[Opening Dataset content section]

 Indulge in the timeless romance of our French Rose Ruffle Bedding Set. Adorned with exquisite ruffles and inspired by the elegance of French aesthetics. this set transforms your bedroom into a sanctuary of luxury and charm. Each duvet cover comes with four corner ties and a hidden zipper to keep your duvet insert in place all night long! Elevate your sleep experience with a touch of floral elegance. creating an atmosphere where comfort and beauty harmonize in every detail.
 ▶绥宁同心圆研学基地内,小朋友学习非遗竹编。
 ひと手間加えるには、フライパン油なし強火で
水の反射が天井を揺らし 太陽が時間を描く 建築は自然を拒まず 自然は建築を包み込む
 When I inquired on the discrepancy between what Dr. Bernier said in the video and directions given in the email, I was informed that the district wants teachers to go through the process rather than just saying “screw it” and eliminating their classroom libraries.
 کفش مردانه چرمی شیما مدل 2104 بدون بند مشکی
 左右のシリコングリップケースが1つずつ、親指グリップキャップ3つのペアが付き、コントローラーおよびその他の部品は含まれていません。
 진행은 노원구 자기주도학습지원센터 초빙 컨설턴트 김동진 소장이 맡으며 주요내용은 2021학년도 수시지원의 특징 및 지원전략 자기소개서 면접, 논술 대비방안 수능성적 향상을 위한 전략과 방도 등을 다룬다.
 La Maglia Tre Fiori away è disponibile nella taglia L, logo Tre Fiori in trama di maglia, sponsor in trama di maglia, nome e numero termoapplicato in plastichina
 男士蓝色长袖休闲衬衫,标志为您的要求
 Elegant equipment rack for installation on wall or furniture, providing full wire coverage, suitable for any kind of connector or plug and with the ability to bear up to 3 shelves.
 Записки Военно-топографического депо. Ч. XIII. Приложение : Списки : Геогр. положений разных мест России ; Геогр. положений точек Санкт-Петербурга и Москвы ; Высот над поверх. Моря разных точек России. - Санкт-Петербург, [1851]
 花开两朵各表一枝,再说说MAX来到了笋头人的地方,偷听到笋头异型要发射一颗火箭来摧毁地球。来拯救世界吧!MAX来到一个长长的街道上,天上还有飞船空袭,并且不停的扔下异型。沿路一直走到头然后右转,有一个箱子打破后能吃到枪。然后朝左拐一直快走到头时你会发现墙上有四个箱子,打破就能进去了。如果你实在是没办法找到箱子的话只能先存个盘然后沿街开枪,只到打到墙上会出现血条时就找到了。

[Closing Dataset content section]

Exercise details
Tally the lines of the material that contain the word "with" and say the number, nothing more.

Solution to the exercise
2